▶ **Exercise goal**: Nothing but the lines below from the one containing "Female fertility restore" through the one containing "Shop the Quartz" should appear in the answer, exact and without pictures.
**** Data to use ****
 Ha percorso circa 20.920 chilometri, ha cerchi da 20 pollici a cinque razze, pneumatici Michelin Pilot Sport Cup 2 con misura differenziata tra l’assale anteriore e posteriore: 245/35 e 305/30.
****
**** Data to use ****
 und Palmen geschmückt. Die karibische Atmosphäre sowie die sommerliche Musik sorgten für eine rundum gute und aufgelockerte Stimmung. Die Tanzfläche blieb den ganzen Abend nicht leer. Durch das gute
****
**** Data to use ****
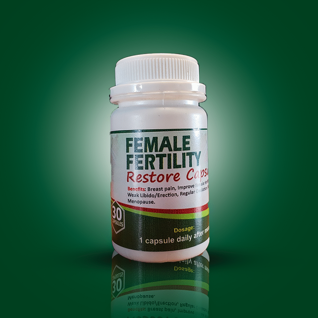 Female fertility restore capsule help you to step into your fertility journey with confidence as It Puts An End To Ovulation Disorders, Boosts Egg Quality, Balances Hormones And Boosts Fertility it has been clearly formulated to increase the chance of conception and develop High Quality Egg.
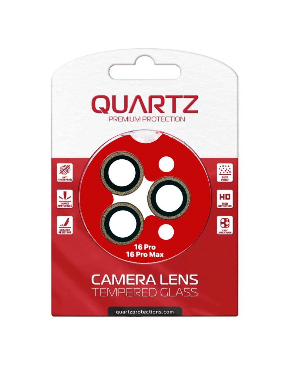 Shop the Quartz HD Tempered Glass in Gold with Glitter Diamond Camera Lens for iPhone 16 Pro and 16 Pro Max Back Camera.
****
▶ **Response**:
 Female fertility restore capsule help you to step into your fertility journey with confidence as It Puts An End To Ovulation Disorders, Boosts Egg Quality, Balances Hormones And Boosts Fertility it has been clearly formulated to increase the chance of conception and develop High Quality Egg.
 Shop the Quartz HD Tempered Glass in Gold with Glitter Diamond Camera Lens for iPhone 16 Pro and 16 Pro Max Back Camera.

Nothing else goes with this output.